One of the most impressive aspects of these wonders is not only the element of grandeur but the sheer amazement that these could be constructed at points in history where technology, powered equipment, and all the earth-moving gadgetry we enjoy today were still centuries away from existence.
Let me introduce to you the 9th Wonder of the World: The Dale Hollow East Vineyard trellis. You may say that it is no where near the scale or impressiveness of the likes of pyramids and statues and such. You may also say that wonders of the world are scarce in this day in age where technology and fancy equipment can create all kinds of universe altering things, such as air-conditioned shoes and cascading nacho cheese fountains. And, you may be right, but you also probably haven’t spent a few blistery cold days cutting up telephone posts…

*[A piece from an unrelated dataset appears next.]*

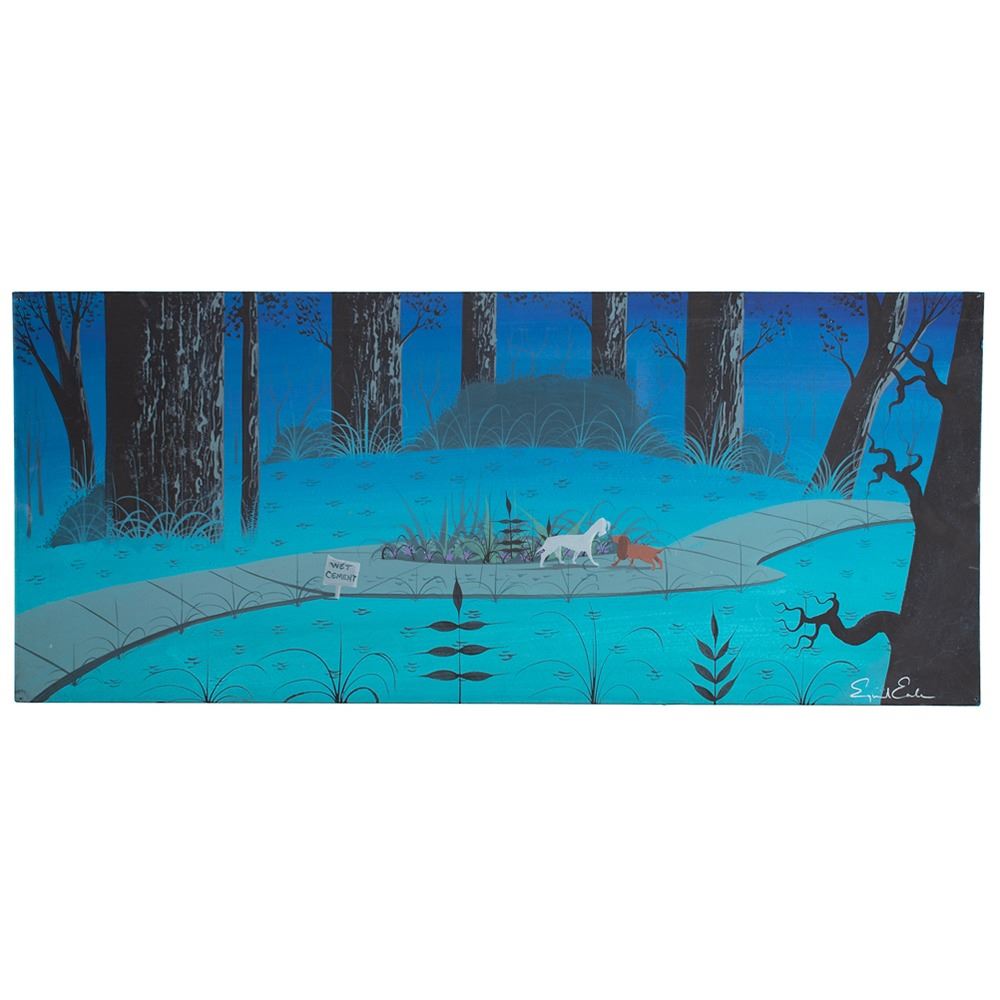 (Walt Disney Studios, 1955) Exquisite original panorama concept storyboard painting by Eyvind Earle from Lady and the Tramp, showing the title canines walking on a park sidewalk during the iconic 'Bella Notte' sequence. In his distinctive style, Earle captures the nighttime scene with a charming sense of secrecy and isolation, centrally placing the dogs to emphasize their growing bond amid a jealous crowd of large trees and ferns. True to the film, Earle adds a touch of humor with the placement of a ‘Wet Cement’ sign and the telltale paw prints left by Lady and Tramp, who then stop at a fresh heart symbol—likewise recently made by a passing couple—before adding to it marks of their own. In the movie, the heart is engraved with ‘JM’ and ‘EB,’ which many believe are the initials for Lady’s owners, Jim and Elizabeth Brown. Accomplished in tempera on 21 x 9 artist's board, signed in the lower right corner in silver graphite by Earle. In fine condition, with tack holes to corners. Disney artist Eyvind Earle, who later became Sleeping Beauty's production designer, created almost 50 miniature concept sketches for the 'Bella Notte' sequence and was a key contributor to the classic film.

“Stacking” them into an orderly, well organized pile..
Letting them sit for a few months while various creeping and crawling creatures make it their home, then pick them back up off the pile to drag them to the vast reaches of the vineyard…
…And eventually lifting them one last time to their final resting place..
Of course, as with most vineyard related projects, we elect to do all of this in the most character-building way imaginable- without the aid of technology or “working” equipment. Good old-fashioned human ingenuity at its best. I realize these pictures make it look like I do a lot of pointing and watching while Asher and Spencer do most of the moving and lifting.. I can personally assure you that is merely camera-trickery and timing issues.
As with the other awe-inspiring wonders of the world, our quaint end posts have not shortage of character. Repurposed, reimagined, and totally worth it in the end.